Entries taken from a collection
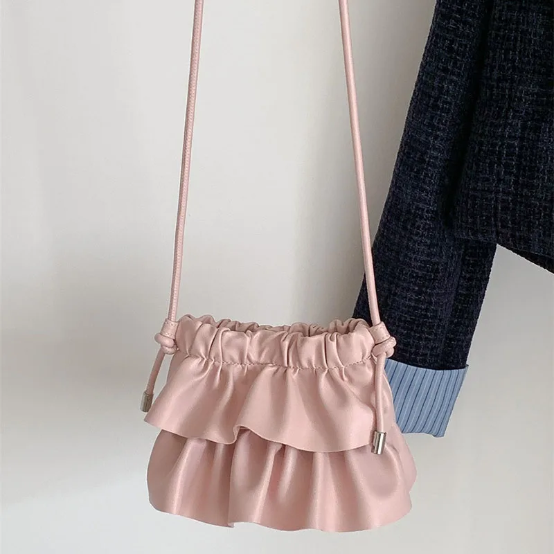 Отзывы о Женская сумка новая простая и модная сумка-мешок женская плиссированная через плечо с краем лотоса
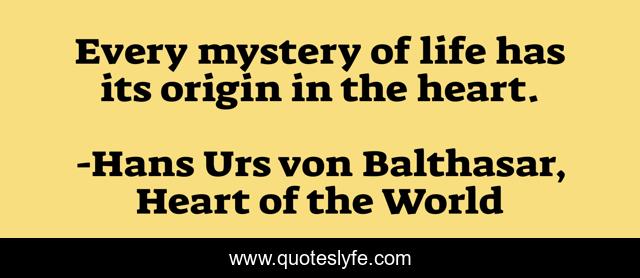 This page presents the quote "Every mystery of life has its origin in the heart.". Author of this quote is Hans Urs von Balthasar, Heart of the World. This quote is about heart, mystery-of-life,.
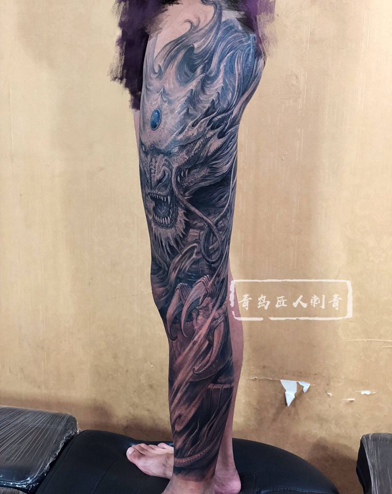 • T网红王老大花腿龙纹身图片_腿部新传统纹身图案
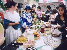 恒例のロマンチック・シリーズの集会です。 今回は独身者ぬきだったので 「へーそうだったんですか 出会いのきっかけは、ご主人にナンパされたの?」 w(゜o゜)w 「何々?当時未信者だった彼は、彼女のダサい水着を見てクリスチャン女性像につまずきそうになったので、彼のいやしの為に新婚旅行でハイレグの水着を買ったって?」 (*^O^*) 、、などといった、ちょっと内密な会話で盛り上がりました。でもどうしてこんなに笑えるんでしょうねー。(・・;) 関西人が多いからかもしれませんねー。 ( ^^)/\(^^ )
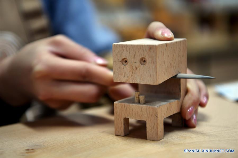 Imagen del 9 de enero de 2018 de Song Lele fabricando artesanías de madera en su taller, en Lanzhou, provincia de Gansu, en el noroeste de China. Song Lele, una joven de 23 a?os de edad, eligió iniciar su propio negocio en vez de hacer la educación preescolar, su especialidad de grado. "La decisión fue tomada luego de una cuidadosa consideración, que se basaba en mi afición desde la infancia", dijo Song. Después de graduarse, Song Lele viajó a varias ciudades para aprender las habilidades de la fabricación de artesanías de madera e inició su taller ya de regreso en su ciudad natal, Lanzhou. Las personas pueden fabricar artesanías de madera bajo la instrucción de Song Lele, usando las herramientas y materiales proporcionados en el taller. Las artesanías pueden ser llevadas por los clientes una vez terminadas. Con más y más personas viniendo para experimentar lo divertido de la fabricación de artesanías, Song tiene un ingreso de cerca de 10,000 yuanes (aproximadamente 1,600 dólares estadounidenses) cada mes. Song expresó su deseo al comienzo del A?o Nuevo, "Ojalá que más personas vengan a mi taller para que podamos continuar juntos esta forma de arte". (Xinhua/Fan Peikun)
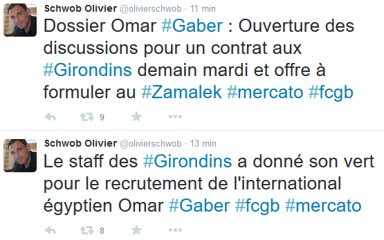 Selon le journaliste Olivier Schwob (Foot-Express), l’essai d’Omar Gaber a été concluant et Bordeaux va faire une offre à son club du Zamalek, où il est encore sous contrat jusqu’en juin 2018. Désireux de rejoindre le FCGB, le milieu droit international égyptien de 23 ans pourrait ainsi être la deuxième recrue estivale de 2015 à Bordeaux après le latéral serbe Milan Gajic.

→ **Goal of the exercise**
Return the data above unchanged. Pictures are not part of the copy.

→ **Solution to this exercise**
 Отзывы о Женская сумка новая простая и модная сумка-мешок женская плиссированная через плечо с краем лотоса
 This page presents the quote "Every mystery of life has its origin in the heart.". Author of this quote is Hans Urs von Balthasar, Heart of the World. This quote is about heart, mystery-of-life,.
 • T网红王老大花腿龙纹身图片_腿部新传统纹身图案
 恒例のロマンチック・シリーズの集会です。 今回は独身者ぬきだったので 「へーそうだったんですか 出会いのきっかけは、ご主人にナンパされたの?」 w(゜o゜)w 「何々?当時未信者だった彼は、彼女のダサい水着を見てクリスチャン女性像につまずきそうになったので、彼のいやしの為に新婚旅行でハイレグの水着を買ったって?」 (*^O^*) 、、などといった、ちょっと内密な会話で盛り上がりました。でもどうしてこんなに笑えるんでしょうねー。(・・;) 関西人が多いからかもしれませんねー。 ( ^^)/\(^^ )
 Imagen del 9 de enero de 2018 de Song Lele fabricando artesanías de madera en su taller, en Lanzhou, provincia de Gansu, en el noroeste de China. Song Lele, una joven de 23 a?os de edad, eligió iniciar su propio negocio en vez de hacer la educación preescolar, su especialidad de grado. "La decisión fue tomada luego de una cuidadosa consideración, que se basaba en mi afición desde la infancia", dijo Song. Después de graduarse, Song Lele viajó a varias ciudades para aprender las habilidades de la fabricación de artesanías de madera e inició su taller ya de regreso en su ciudad natal, Lanzhou. Las personas pueden fabricar artesanías de madera bajo la instrucción de Song Lele, usando las herramientas y materiales proporcionados en el taller. Las artesanías pueden ser llevadas por los clientes una vez terminadas. Con más y más personas viniendo para experimentar lo divertido de la fabricación de artesanías, Song tiene un ingreso de cerca de 10,000 yuanes (aproximadamente 1,600 dólares estadounidenses) cada mes. Song expresó su deseo al comienzo del A?o Nuevo, "Ojalá que más personas vengan a mi taller para que podamos continuar juntos esta forma de arte". (Xinhua/Fan Peikun)
 Selon le journaliste Olivier Schwob (Foot-Express), l’essai d’Omar Gaber a été concluant et Bordeaux va faire une offre à son club du Zamalek, où il est encore sous contrat jusqu’en juin 2018. Désireux de rejoindre le FCGB, le milieu droit international égyptien de 23 ans pourrait ainsi être la deuxième recrue estivale de 2015 à Bordeaux après le latéral serbe Milan Gajic.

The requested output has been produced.